The Eller College of Management
- Motto: "Bear Down, Suit Up"
- Type: Public
- Established: 1913
- Endowment: $37.5 million
- Dean: Karthik Kannan
- Faculty: 130
- Undergraduates: 5,400
- Postgraduates: 700
- Location: Tucson, Arizona, United States 32°14′13″N 110°57′16″W﻿ / ﻿32.23701°N 110.95439°W
- Campus: Urban, 309.75 acres (1,253,500 m²);
- Mascot: Wildcats
- Website: www.eller.arizona.edu

= Eller College of Management =

Business school of the University of Arizona

The Eller College of Management (Eller) is a business school at the University of Arizona located in Tucson, Arizona. The Eller College of Management began in 1913 as bachelor's degree program in commerce before becoming the University of Arizona School of Business and Public Administration in 1944. In 1999, the school was renamed the Eller College of Management in honor of its primary benefactor Karl Eller, an entrepreneur and alumnus of the University of Arizona. It is one of the largest colleges at the University of Arizona, with over 5,400 undergraduate students and nearly 700 graduate students.

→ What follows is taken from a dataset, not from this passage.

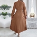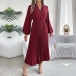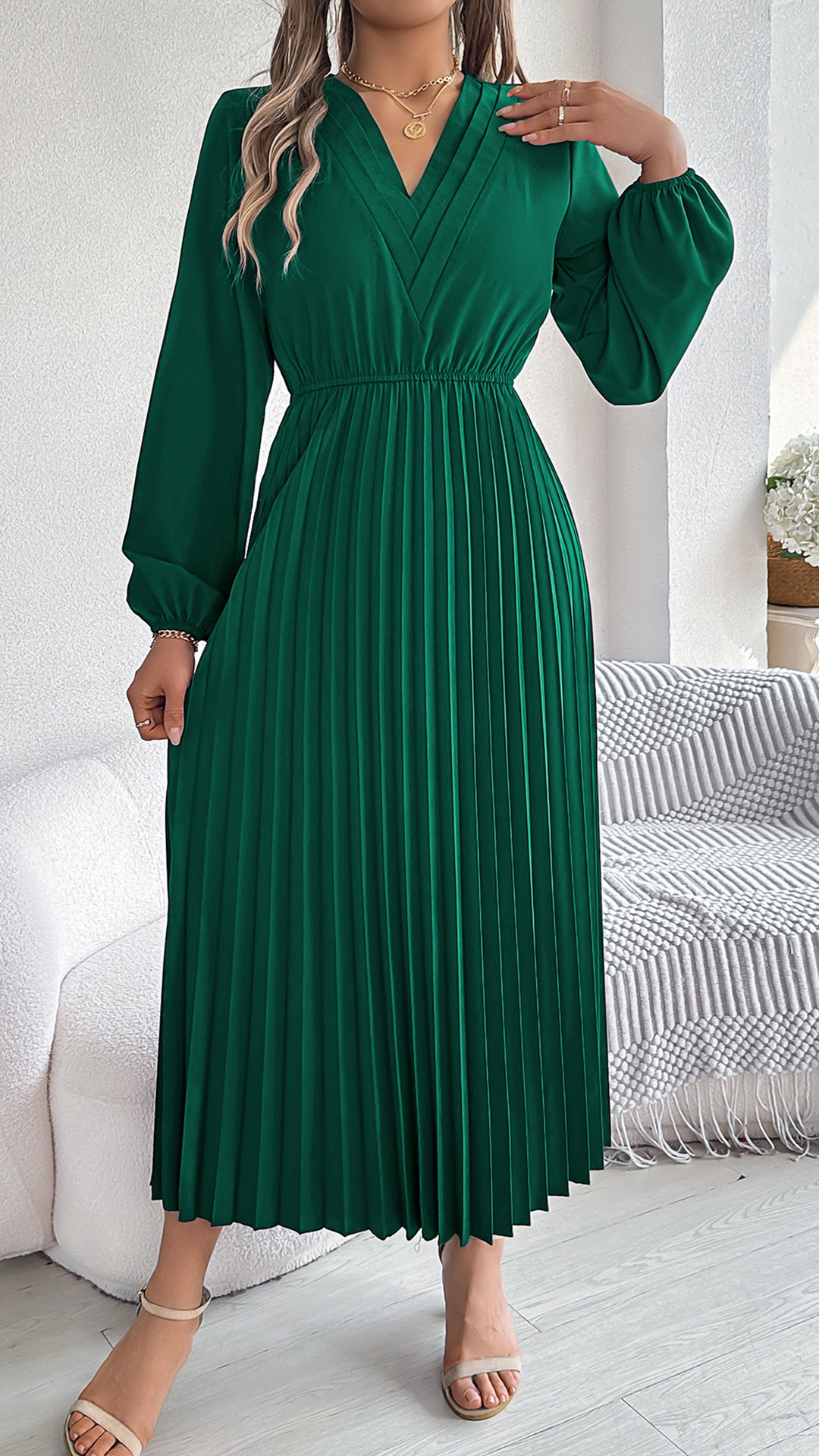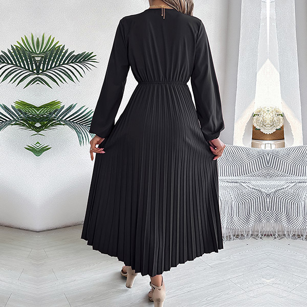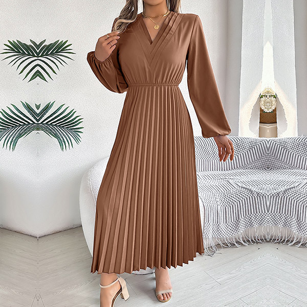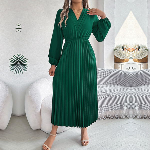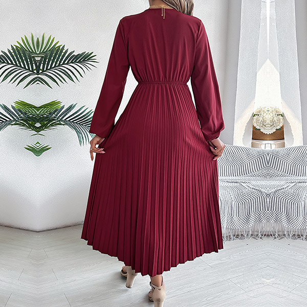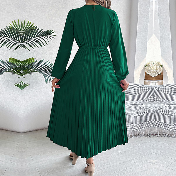Fashion Solid Color V-neck Long Sleeve Pleated Dress

Eller employs over 130 faculty members, and offers programs in Accounting, Economics, Finance, Marketing, Management Information Systems (MIS), Operations Management, Entrepreneurship, Business Administration and Management and Organizations.

Karthik Kannan has been Dean of the college since 2022.

The Karl and Stevie Eller Professional Development Center opened in 2016.

==Rankings==
The 2024 U.S. News & World Report ranks Eller #53 in Best Business Schools for graduates programs and #56 in Part-Time MBA. The school’s Information systems MBA program is ranked #3.

Forbes magazine ranked the Eller 64th Best Domestic Business Schools in 2017.

In 2009, the Financial Times ranked Eller's MBA program 5th among U.S. public universities, 19th among all U.S. universities, and 41st worldwide in its global rankings. The Entrepreneurship program was ranked 3rd worldwide in the Financial Times.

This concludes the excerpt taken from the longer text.